The original way would probably have been on a spindle moulder with a ring fence - they were adopted rapidly by railway workshops after they appeared in the 1860s. One local station round here still has the original S-shaped booking office in place with the original L&Y round on round mouldings. I've made that sort of thing only a few times in my life. An interesting problem to solve. Mind if I ask which railway, Brian?


----------



## boldford (Jan 21, 2009)

BR Mk1 TSO on the SVR.


----------



## Phil P (Jul 25, 2010)

Are they steel panelled, Brian?


----------



## boldford (Jan 21, 2009)

Phil P said:


> Are they steel panelled, Brian?


BR Mk1s are steel panel welded to a Z section framework. http://en.wikipedia.org/wiki/British_Railways_Mark_1
The doors jambs being timber for ease of adjustment.

Back on topic: I have now received the GB40/B guide bush only to find it doesn't fit the DW625 base. Drat! 
It would, however, fit the DW615. It looks like I'm back to having to turn up a guide bush or an adaptor to make the GB40/B fit the DW625 after all. The saving grace is (as mentioned above) I already have a centreing gadget.


----------



## Phil P (Jul 25, 2010)

boldford said:


> I have now received the GB40/B guide bush only to find it doesn't fit the DW625 base. Drat!
> It would, however, fit the DW615. It looks like I'm back to having to turn up a guide bush or an adaptor to make the GB40/B fit the DW625 after all. The saving grace is (as mentioned above) I already have a centreing gadget.

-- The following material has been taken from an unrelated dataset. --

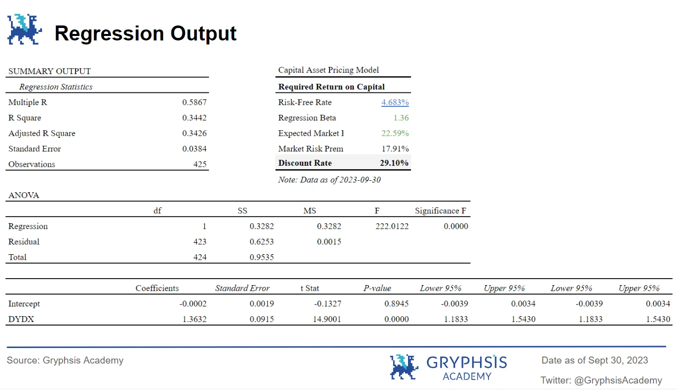 贴现率: 基于对目前协议的发展和市场风险的评估,我们将 2023 年至 2028 年的现金流贴现率设定为 29% 。计算贴现率时,我们使用 10 年期美国国债作为无风险利率,使用 BTC 作为市场基准。β 值是由 DYDX 收益作为 BTC 收益的函数的回归模型所得。回归分析在一年数据的基础上,选取与目前行情币价持平的起始时间,即 2022 年 8 月 1 日至 2023 年 9 月 30 日的数据。资本资产定价模型(CAMP)计算出资本成本率为 29.10% 。回归分析显示 DYDX 价格与 BTC 收益显著正相关 。综上,我们选择 29% 作为贴现率,这与风险投资基金的平均回报率 30 %相似,是较为合理的。

It should do, Brian. The older DW625s were supposed to come with an adaptor plate like this:










I had one of these supplied with both my Elu MOF177e type 4 (which also had the tube guide bush and adaptor) and the DW625el type 5 I have (although that *didn't* come with the tube guide bush/adaptor). My mate's type 6 (latest model) came only with a 30mm guide bush designed to fit the base directly so he had to buy a Trend DW625EK/T10 in order to use the 16mm GB he has for one of his jigs. This item is effectively the same item as my supplied DW adaptor - a plate allowing fitting of MOF96/Trend guide bushes. Sorry, but I assumed that as you had an older DW625 (type 4?) that you had the same in the tin that I received. DW are obviously not that consistent

Regards

Phil

Edit: Just talked to the technical guy at DW in Slough who informs me that he thinks that whilst on the type 4s and a few type 5s they did supply an adaptor plate, the items was delisted as soon as DW came up with their own directly fitting 30mm guide bush. The tube adaptor was dropped at the end of the type 4 run although he thought that some type 4 Elus were sent out with both the adaptor and the tube guide. DW has rationalised its' spare parts listing and as most DW dealers are also Trend dealers he advised me to buy the Trend part I referred to above. :angry:


----------



## boldford (Jan 21, 2009)

Fearing that a simple query about guide bushes was turning into something epic I've now ordered a Trend WP-T10/075 Router Guide Bush Adaptor. .


----------



## boldford (Jan 21, 2009)

I now have everything I need to hand; only needing to sort out the fixing screws. Thanks for the help from all those that posted.


----------



## boldford (Jan 21, 2009)

5mm screws sourced and guide bush fitted concentrically. Issue resolved. Many thanks to all the contributors.


----------



## Phil P (Jul 25, 2010)

Good to hear it


----------